But aspects of Merhige’s life outside the bench left him open to criticism and charges of hypocrisy. During the midst of the busing furor, he sent his son to a private school. And he was a member of the race- and gender-exclusive Commonwealth Club.

The documentary includes archival footage of Merhige, family photos, and interviews with former Govs. Gerald Baliles, Mark Warner, Tim Kaine and Anne Holton, a former Virginia first lady and secretary of education, among others. It will air on Richmond’s VPM PBS.

“We don’t have dates in mind yet, but are looking at the film to decide when it best fits,” said Mason Mills, senior producer and director for VPM, Richmond’s public broadcasting company.

The filmmakers are also in talks with American Public Television that could lead to the documentary’s distribution to public television stations nationwide.

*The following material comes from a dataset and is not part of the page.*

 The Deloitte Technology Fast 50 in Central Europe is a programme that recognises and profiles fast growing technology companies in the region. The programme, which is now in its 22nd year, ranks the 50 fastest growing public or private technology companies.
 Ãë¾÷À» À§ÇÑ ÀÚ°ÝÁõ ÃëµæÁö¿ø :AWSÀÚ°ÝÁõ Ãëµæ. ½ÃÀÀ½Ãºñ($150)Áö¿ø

And they plan to release a longer, theatrical version for screenings at law schools, bar associations and film festivals, they said.

So far, they’ve spent just under $400,000 on the film and estimate that it will cost close to half a million dollars after marketing and distribution.

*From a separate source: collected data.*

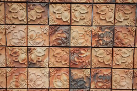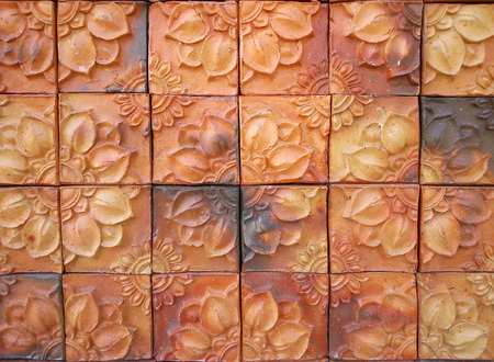 brown brick tile background, flower textured brick
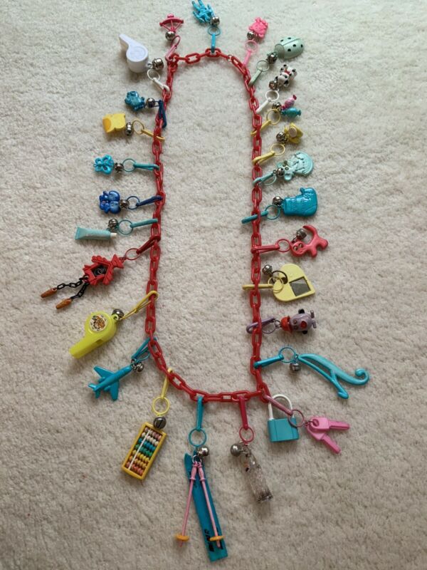 Title (ebay affiliate link): 1980''s VINTAGE BELL CLIP CHARM NECKLACE WITH OVER 25 PLASTIC 80''S CHARMS!
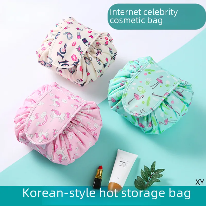 Wholesale Internet celebrity drawstring cosmetic bag style small size portable business trip Women Travel large capacity storage bag lazy storage bag
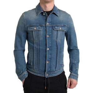 Dolce & Gabbana Blue Washed Cotton Stretch Denim Men Jacket
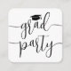 Ces invitations de remise de diplômes sont de petite taille, mais grandes par leur simplicité élégante. Annoncez la réussite du diplômé et invitez la famille et les amis à célébrer avec des cartes d'invitation de fête de fin d'études miniatures élégantes. La petite taille de carte de visite carrée les rend faciles à insérer avec les annonces de remise de diplômes ou à distribuer à la famille et aux amis (elles ne sont pas livrées avec des enveloppes). Vendues en paquets à un prix abordable, ces encarts offrent une option chic pour rester dans les limites d'un budget. Le texte de ce modèle est simple à personnaliser, et les couleurs peuvent être personnalisées à l'aide de l'outil de conception Zazzle. Le design moderne noir et blanc présente un style de calligraphie manuscrit avec une coiffe de diplômé et une typographie classique élégante. Cette carte d'invitation
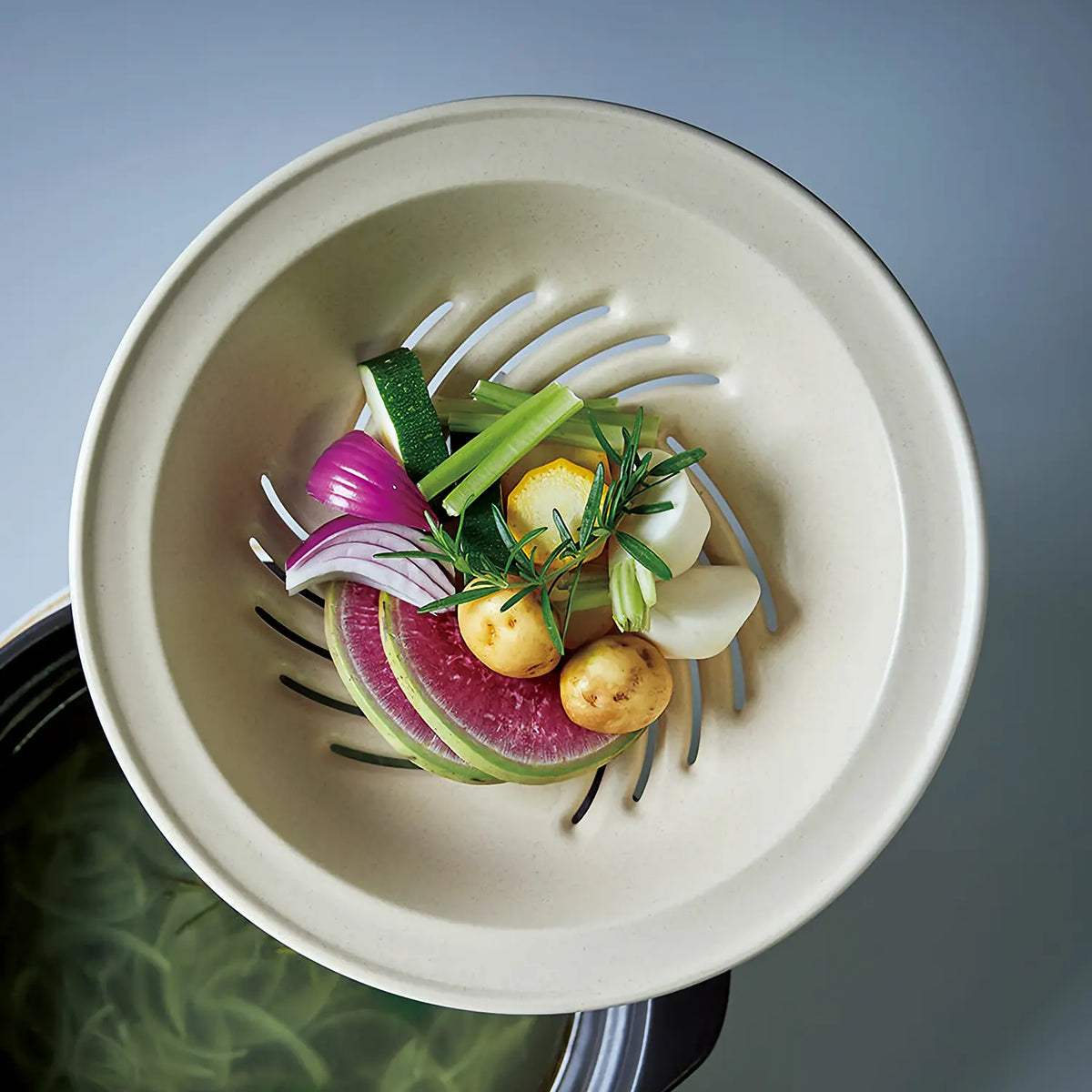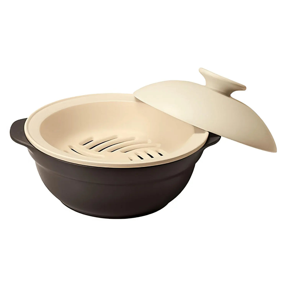 - Set of a donabe casserole and a steamer insert.

It’s worth seeing, particularly for individuals — and I was one of them — who have fixated on Merhige’s role in busing and largely missed the judge who seemed controversial but whose rulings seldom got overturned.

It’s difficult to imagine the 1970s without coming across Merhige’s judicial hand, whether it involved Watergate criminals, the break-in at the office of the psychiatrist of Pentagon Papers leaker Daniel Ellsberg, or the 1979 anti-Ku Klux Klan rally in Greensboro, N.C., that resulted in the shooting death of five members of the Communist Workers’ Party.

The subject of this documentary remains as relevant as ever in a nation rife with division over questions of race, educational equity, abuse of power and fealty to the constitution.

“The real problems, he was willing to face,” Calderaro said. “And the tough problems, he was willing to face.”